*** Opening of STORED DATA ***

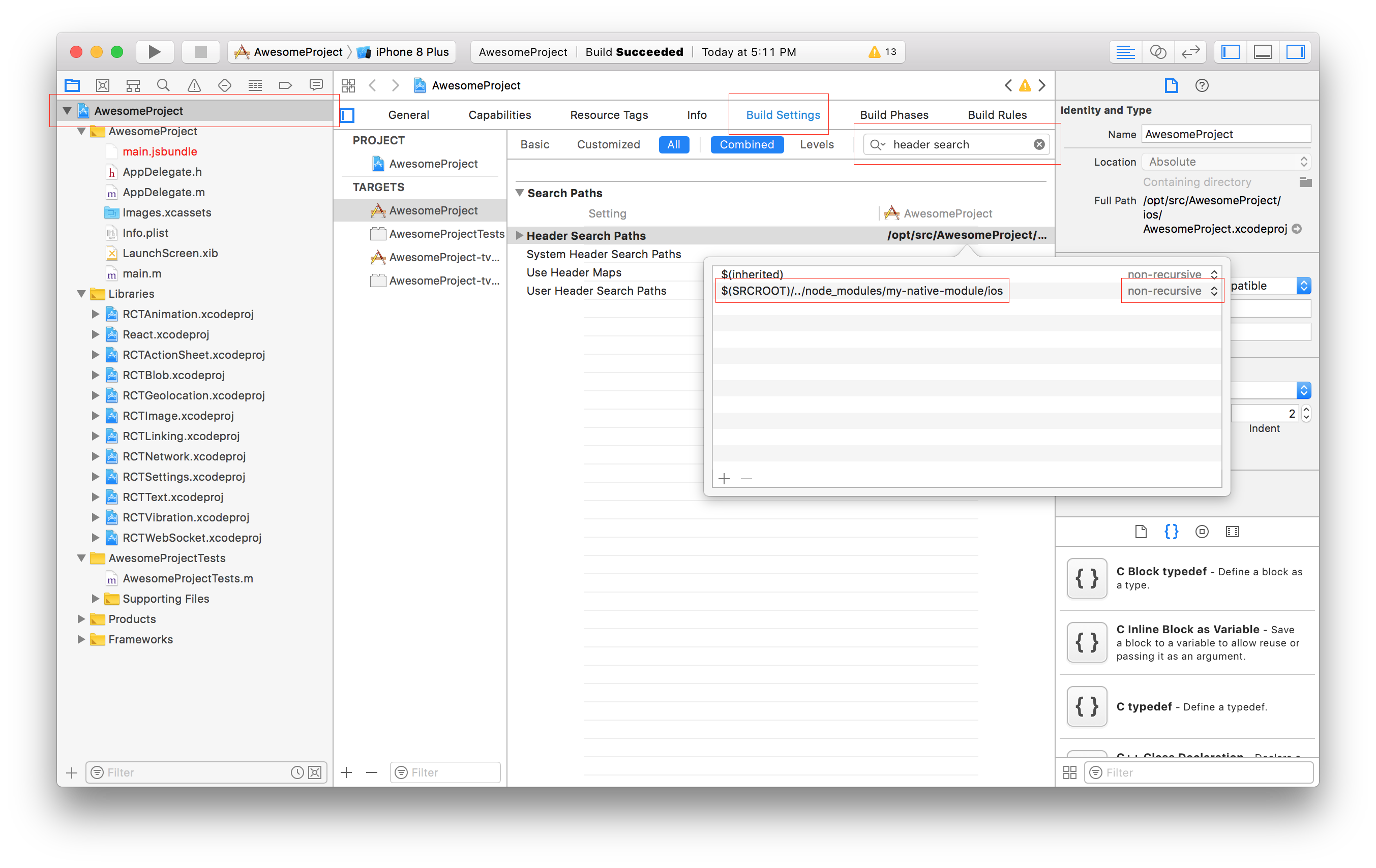 如果您确实需要从原生调用它,那么我们需要知道库的头文件。为此,您必须转到项目文件,选择 Build Settings 并搜索 Header Search Paths。在那里,您应该包含您的库的路径。(本文档过去曾推荐使用 recursive,但现在不再推荐,因为它可能导致细微的构建失败,尤其是在使用 CocoaPods 时。)
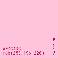 Цвет #FDC4DC в цветовой модели RGB обозначается тремя октетами (253, 196, 220) в десятичном формате и #FDC4DC в шестнадцатиричном (hex) формате, которые являются интенсивностью красного 253 (hex FD), интенсивность зелёного 196 (hex C4) и интенсивность синего 220 (hex DC).
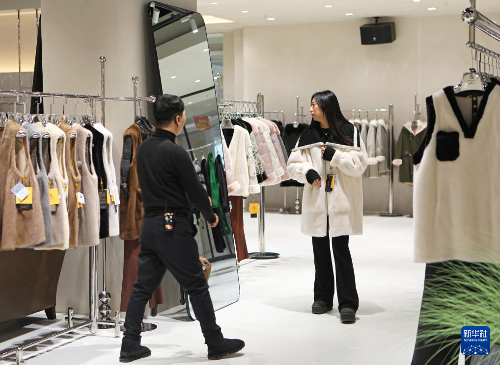 12月20日,在辽宁省辽阳市佟二堡镇的一处商场,顾客在试穿皮草服饰。新华社记者 陈为 摄

*** Close of STORED DATA ***

The lines from the beginning of the listing above through the line holding "Цвет #FDC4DC в" are to be duplicated exactly, and the pictures omitted.

- RESPONSE BOX -
 如果您确实需要从原生调用它,那么我们需要知道库的头文件。为此,您必须转到项目文件,选择 Build Settings 并搜索 Header Search Paths。在那里,您应该包含您的库的路径。(本文档过去曾推荐使用 recursive,但现在不再推荐,因为它可能导致细微的构建失败,尤其是在使用 CocoaPods 时。)
 Цвет #FDC4DC в цветовой модели RGB обозначается тремя октетами (253, 196, 220) в десятичном формате и #FDC4DC в шестнадцатиричном (hex) формате, которые являются интенсивностью красного 253 (hex FD), интенсивность зелёного 196 (hex C4) и интенсивность синего 220 (hex DC).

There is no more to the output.